Regardless of what we all grew up believing, meat, dairy and eggs aren’t the only sources of complete protein. There are 20 amino acids in the human body: nine of which are essential, meaning your body can’t produce them on its own and eleven that are non-essential amino acids meaning your body can produce them without the help from food. The nine essential amino acids are what we know as complete protein, which means they're more beneficial than incomplete proteins. Animal sources aren't necessarily the best options, so try adding some of these unique sources of complete protein to your next meal and see what you think!
Spirulina is a type of algae and the best of all sources of complete protein. It is 60-70% protein compared to beef, which is only 22% protein. Per teaspoon, spirulina has 4 grams of protein and a teaspoon of beef has just 1 gram. Not to mention spirulina contains more iron, calcium, and vitamin B12 than any other food. Use a tablespoon in a smoothie with some vanilla, a frozen banana, blueberries and spinach with almond milk for a tasty treat that keeps you energized and strong all day long!

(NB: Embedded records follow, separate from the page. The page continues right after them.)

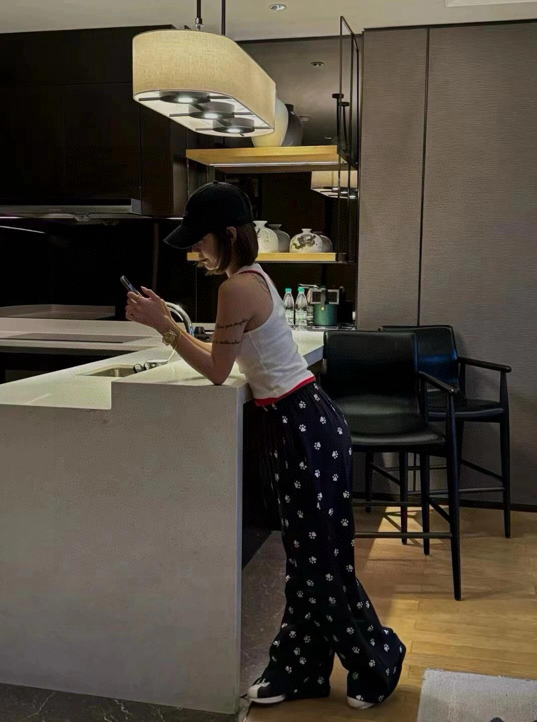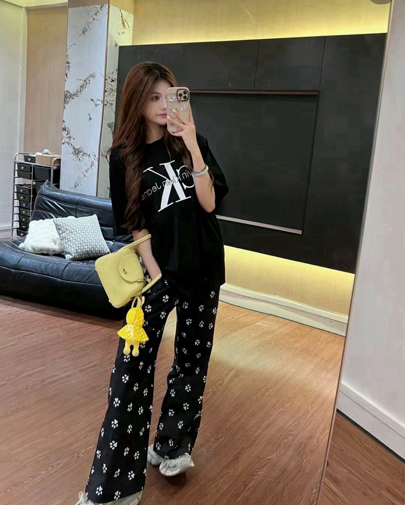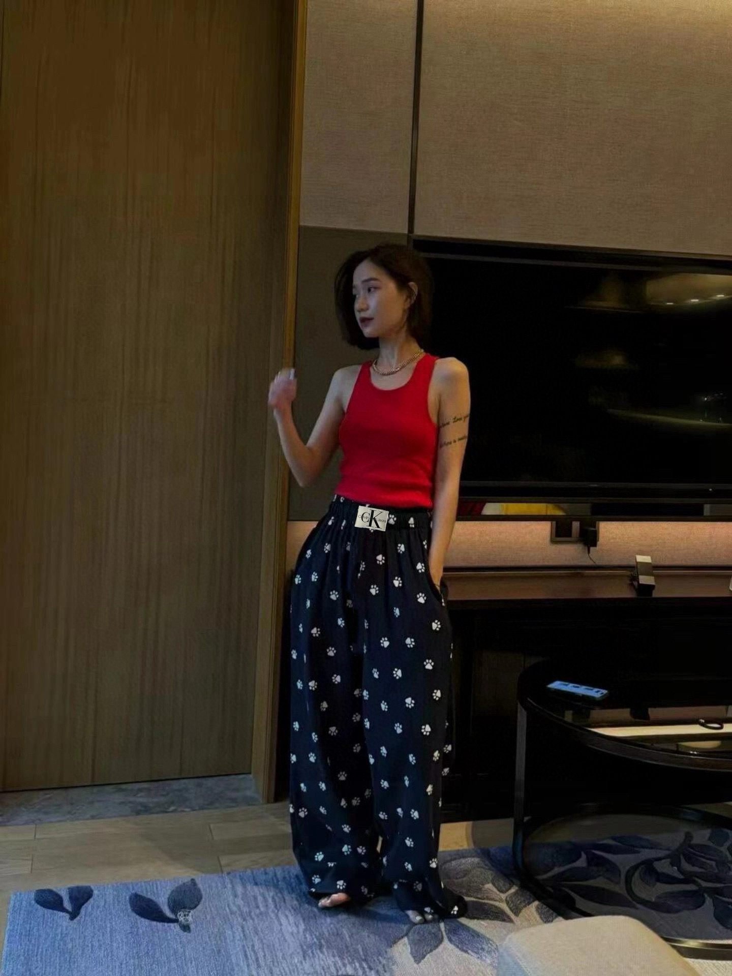 このパンツは、ルイ・ヴィトンのレディースウェアに見られるような、ペットフレンドリーなデザインが特徴です。黒地に白い足跡柄が散りばめられ、普段使いからお出かけまで幅広く活躍します。
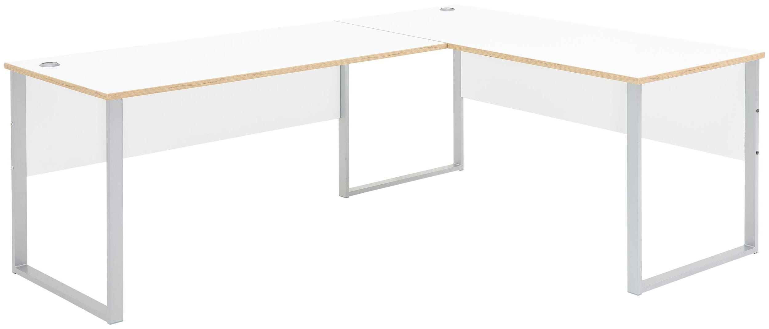 - 1x Großer Eckschreibtisch: Metallgestell Silber matt, flexibel links oder rechts montierbar (L/H/T: 229 x 77 x 170 cm)
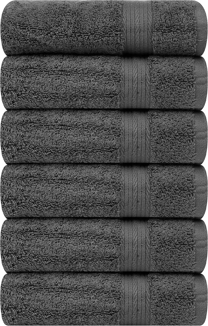 Ample Decor Hand Towels for Bathroom 18 X 28 Inch 600 GSM 100% Cotton, Soft Absorbent - 6 Pcs Gray
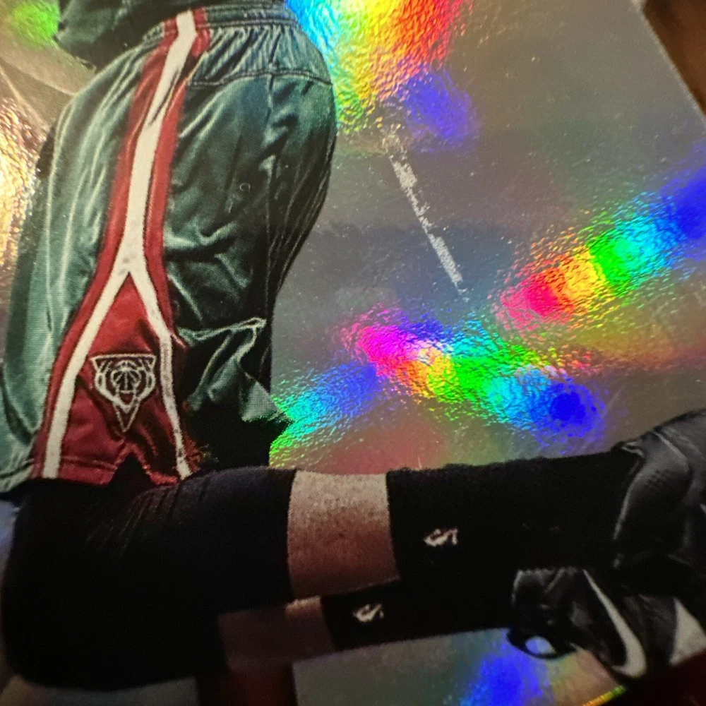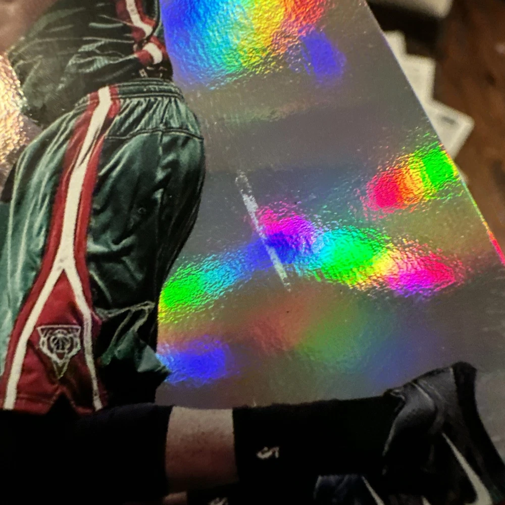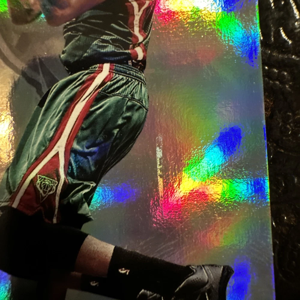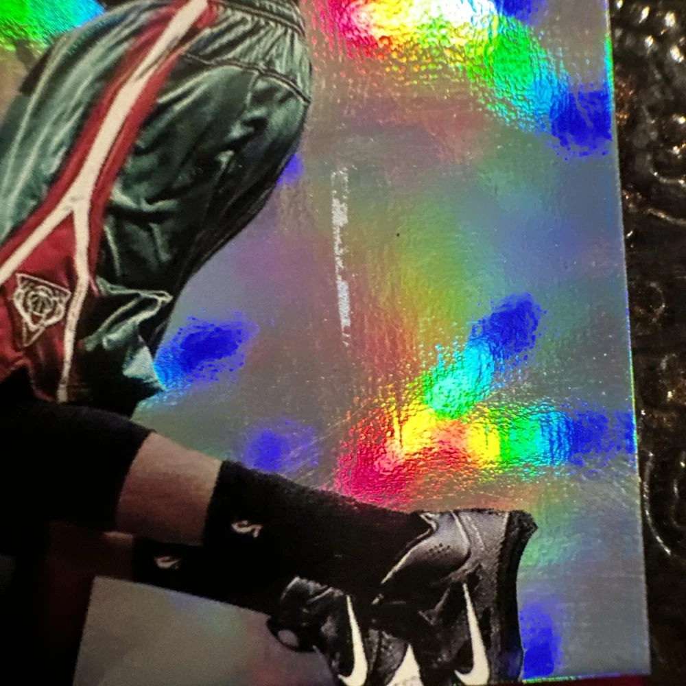 In the middle of the card there seems to be some damage on the surface of the card. It looks as if a piece of. it was peeled off. There will be clear pictures of that as well.
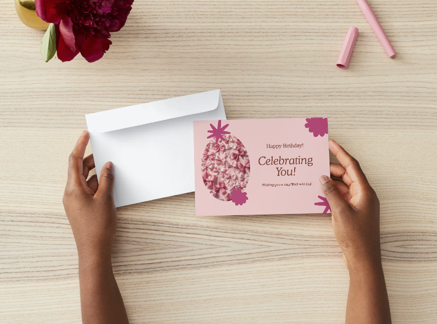 This modern birthday card features a playful pink color palette and a bright, uplifting message. Perfect for friends, family, or anyone who loves a fun yet polished design.
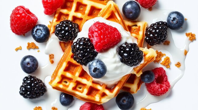 Waffle topped with blueberries, raspberries, and whipped cream. Concept of indulgence and satisfaction, as the combination of sweet and fruity flavors is both visually appealing and delicious
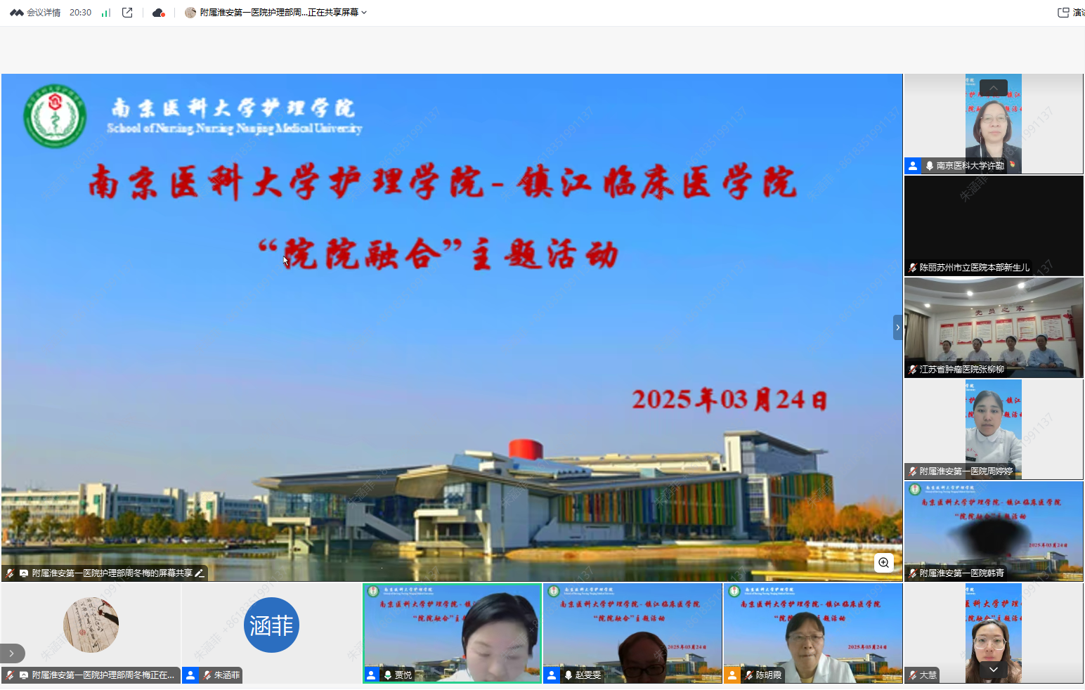 为加强学院与附院全方位合作和交流,充分发挥自身优势,进一步推进护理学科建设和发展,MK体育(中国)与镇江临床医学院于2025年3月24日联合举办“院院融合”线上主题活动。MK体育(中国)院长许勤、临床护理学系主任陈明霞,以及各临床护理教研室的护理管理人员、临床护理骨干、教学骨干等近百人参与了本次活动。
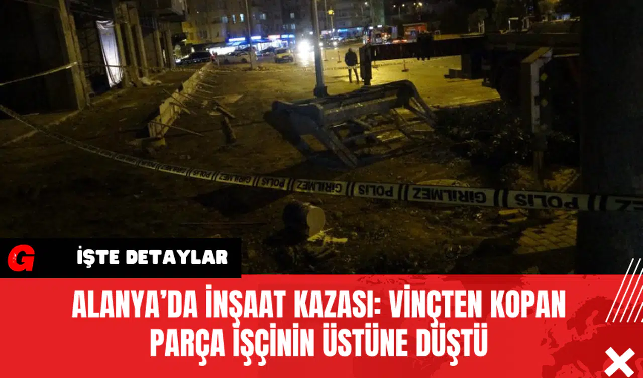 Antalya’nın Alanya ilçesinde bir inşaat alanında meydana gelen kaza, bir işçinin yaralanmasına neden oldu. İnşaat alanındaki vinçten kopan parça, çalışan A.A. isimli işçinin üzerine düştü.

This magical grain-like seed is a rich source of protein and one of the healthiest complex carbs you can eat. Quinoa is also a rich source of iron, riboflavin, magnesium, potassium, phosphorus, and fiber. Cooked with some savory seasonings and veggie broth or even eaten for breakfast with cinnamon, bananas, and almond milk, quinoa is the perfect meal addition, any way you use it.
Regardless of its name, buckwheat is not related to wheat and isn’t even an actual grain, though it gets categorized in the grain family due to its nutrient profile. Buckwheat is the seed of a fruit plant and a rich source of complete protein, B vitamins, fiber, and magnesium. Many people enjoy it as a gluten-free alternative hot cereal but you can also eat it sprouted or made into granola. It has a rich nutty flavor with a robust heartiness that keeps you full for hours.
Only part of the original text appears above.